#### EXERCISE DATA
+---+

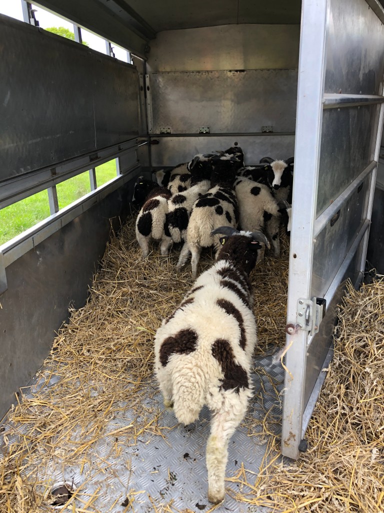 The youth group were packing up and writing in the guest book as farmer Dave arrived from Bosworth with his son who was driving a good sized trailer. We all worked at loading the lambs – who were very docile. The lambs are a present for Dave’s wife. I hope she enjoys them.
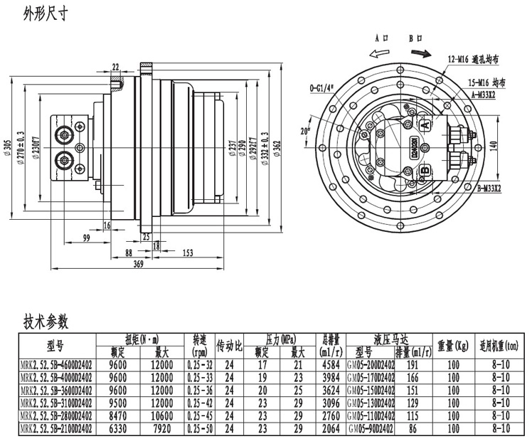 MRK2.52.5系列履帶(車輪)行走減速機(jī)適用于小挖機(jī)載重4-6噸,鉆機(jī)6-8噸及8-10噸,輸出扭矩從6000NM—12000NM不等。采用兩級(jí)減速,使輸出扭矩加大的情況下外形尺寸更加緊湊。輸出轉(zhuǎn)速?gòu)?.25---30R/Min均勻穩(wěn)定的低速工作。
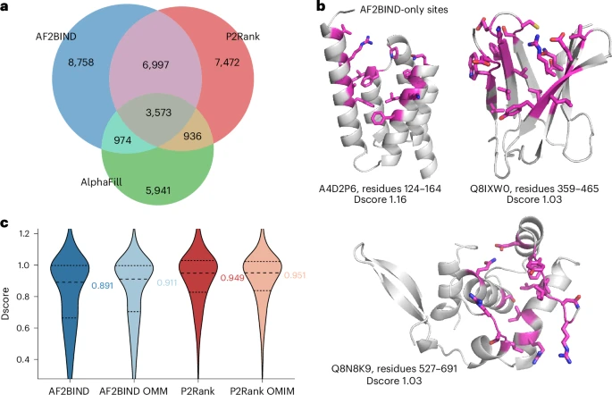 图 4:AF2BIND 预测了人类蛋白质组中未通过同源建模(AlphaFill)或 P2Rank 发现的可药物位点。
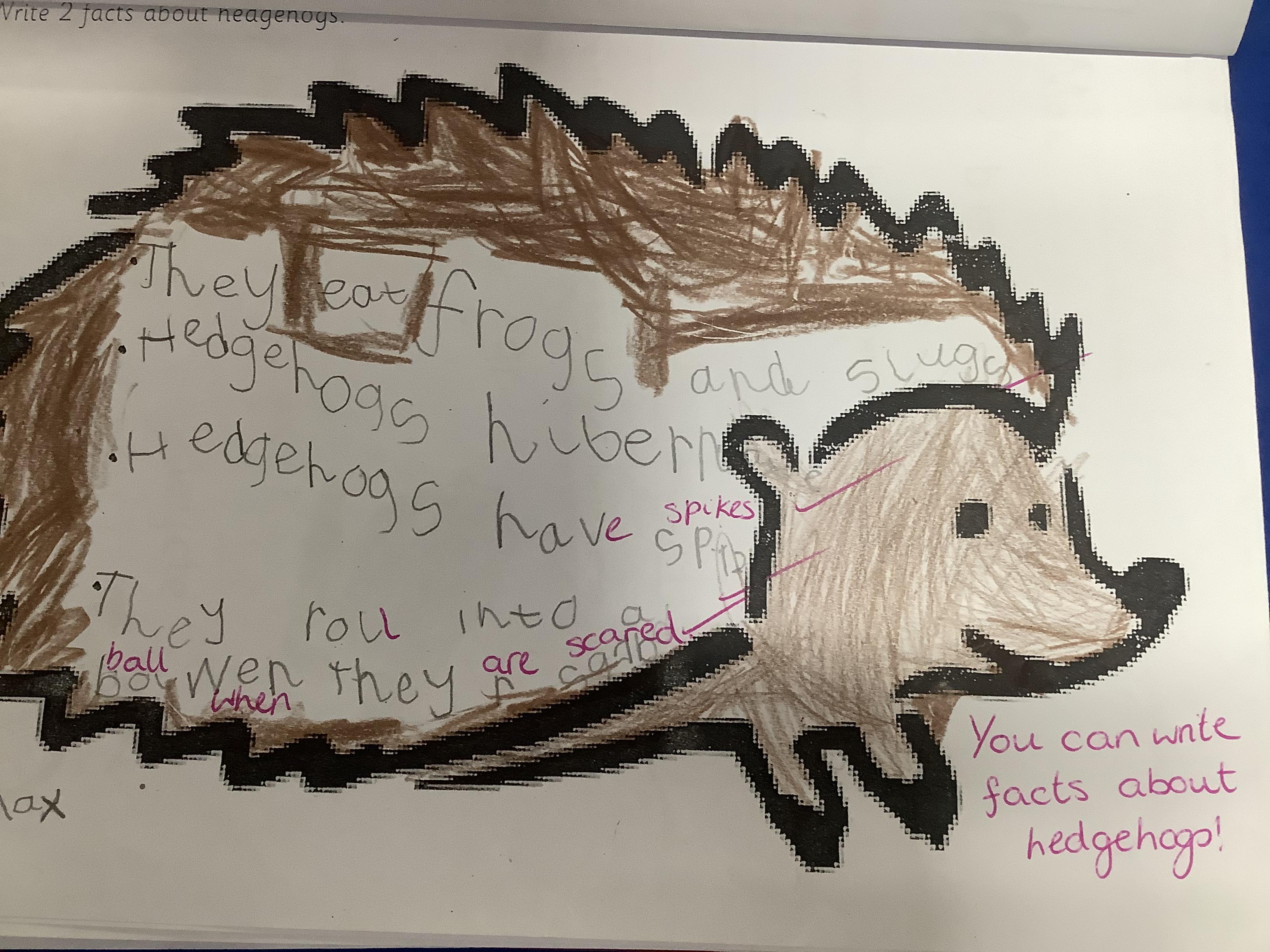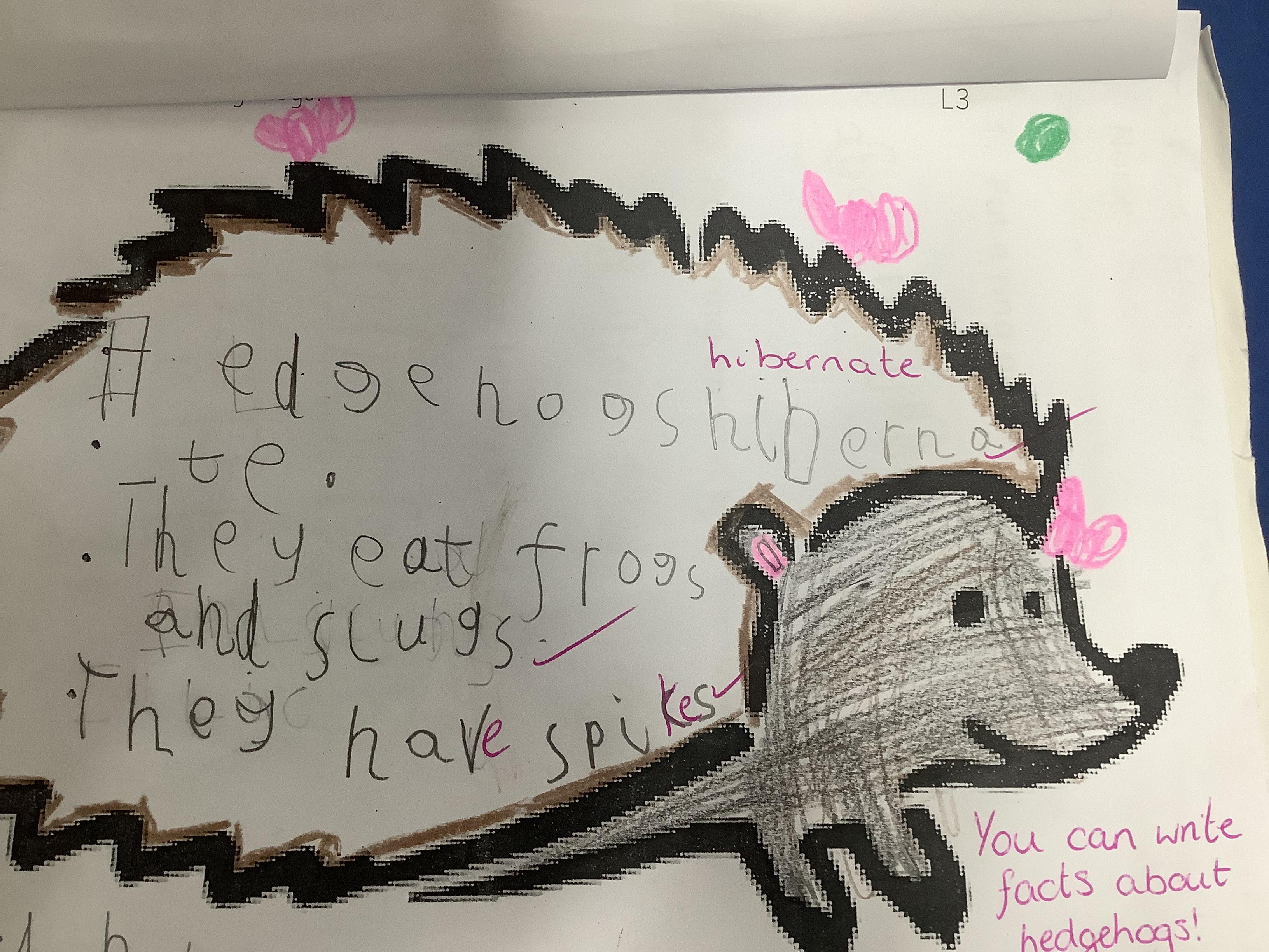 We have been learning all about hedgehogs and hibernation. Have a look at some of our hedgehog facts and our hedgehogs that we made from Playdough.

+---+

#### REQUIRED WORK
Exactly as written, restate all of the data, leaving out the images.

#### ANSWER FOR THIS EXERCISE
 The youth group were packing up and writing in the guest book as farmer Dave arrived from Bosworth with his son who was driving a good sized trailer. We all worked at loading the lambs – who were very docile. The lambs are a present for Dave’s wife. I hope she enjoys them.
 MRK2.52.5系列履帶(車輪)行走減速機(jī)適用于小挖機(jī)載重4-6噸,鉆機(jī)6-8噸及8-10噸,輸出扭矩從6000NM—12000NM不等。采用兩級(jí)減速,使輸出扭矩加大的情況下外形尺寸更加緊湊。輸出轉(zhuǎn)速?gòu)?.25---30R/Min均勻穩(wěn)定的低速工作。
 图 4:AF2BIND 预测了人类蛋白质组中未通过同源建模(AlphaFill)或 P2Rank 发现的可药物位点。
 We have been learning all about hedgehogs and hibernation. Have a look at some of our hedgehog facts and our hedgehogs that we made from Playdough.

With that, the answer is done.